Cooking Like a Rock Star
I don't know how the Italians managed it. They've infiltrated the collective consciousness so thoroughly that even a WASPy Irish/English daughter of the American Revolution like me feels that her childhood must have included some old nonna cooking gnocchi in a sweaty Brooklyn kitchen. In fact, my old nana was more likely throwing back whiskey sours at the bar when I was a kid, passing me the booze-soaked cherries. Still, Italian cooking evokes in me an eerie sentimentality that has no root in reality. There ought to be a word for this feeling — nonstalgia, maybe? Remembrance of things pasta?

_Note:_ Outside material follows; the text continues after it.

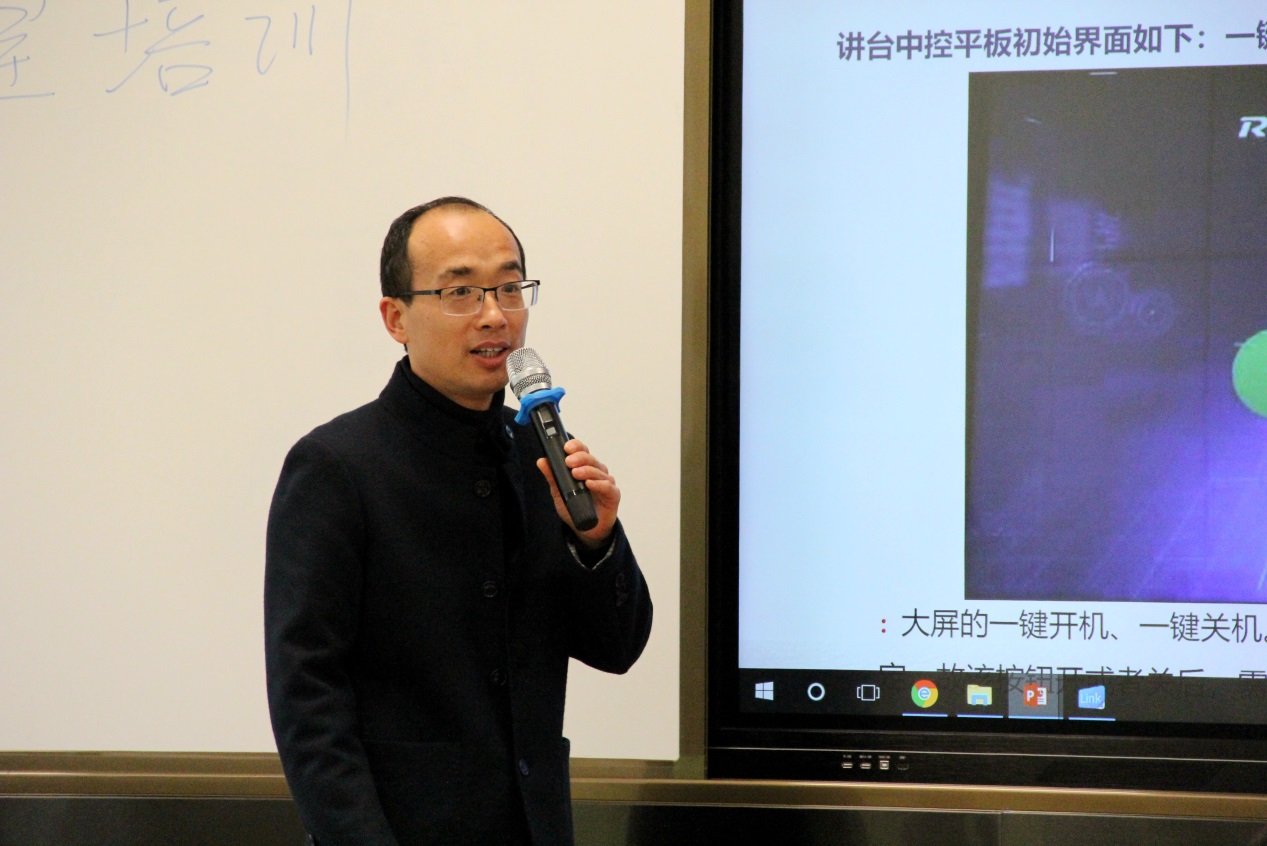 信息中心赵仁刚老师及相关技术人员依照课前、课中、课后的课堂教学顺序为老师们详细讲解了智慧教室的主要功能和使用方法。他为大家演示了课前物联控制器的操作,讲解了大屏幕、控制平板等硬件设备的使用指南,最后,他示范了如何简单快捷地进行课堂录播。在座老师纷纷拿起自己的手机或笔记本电脑,尝试投影讨论屏幕、下载录播视频等功能。

The problem's exacerbated by my Sicilian partner, who actually did have a grandmother who cooked meatballs and a grandpa who took her to the OTB parlor, where she played on the filthy floor with the losing tickets his cronies threw down. He'd give her sips of liquor to keep her pliant ("Don't tell your grandmother"). After eight years together, our personalities have merged to the point that I physically remember what it felt like to be carried home half-drunk and propped up in front of a plate of Sunday sauce. Living with an Italian also gives you a sort of walking, talking dousing rod — the girl starts to quiver whenever she senses "authentic" Italian food. It was this slight spousal quivering, along with the glad-handing and backslapping going on just inside the front door, that alerted me that Valentino's Cucina might be a place our appetites could settle into comfortably.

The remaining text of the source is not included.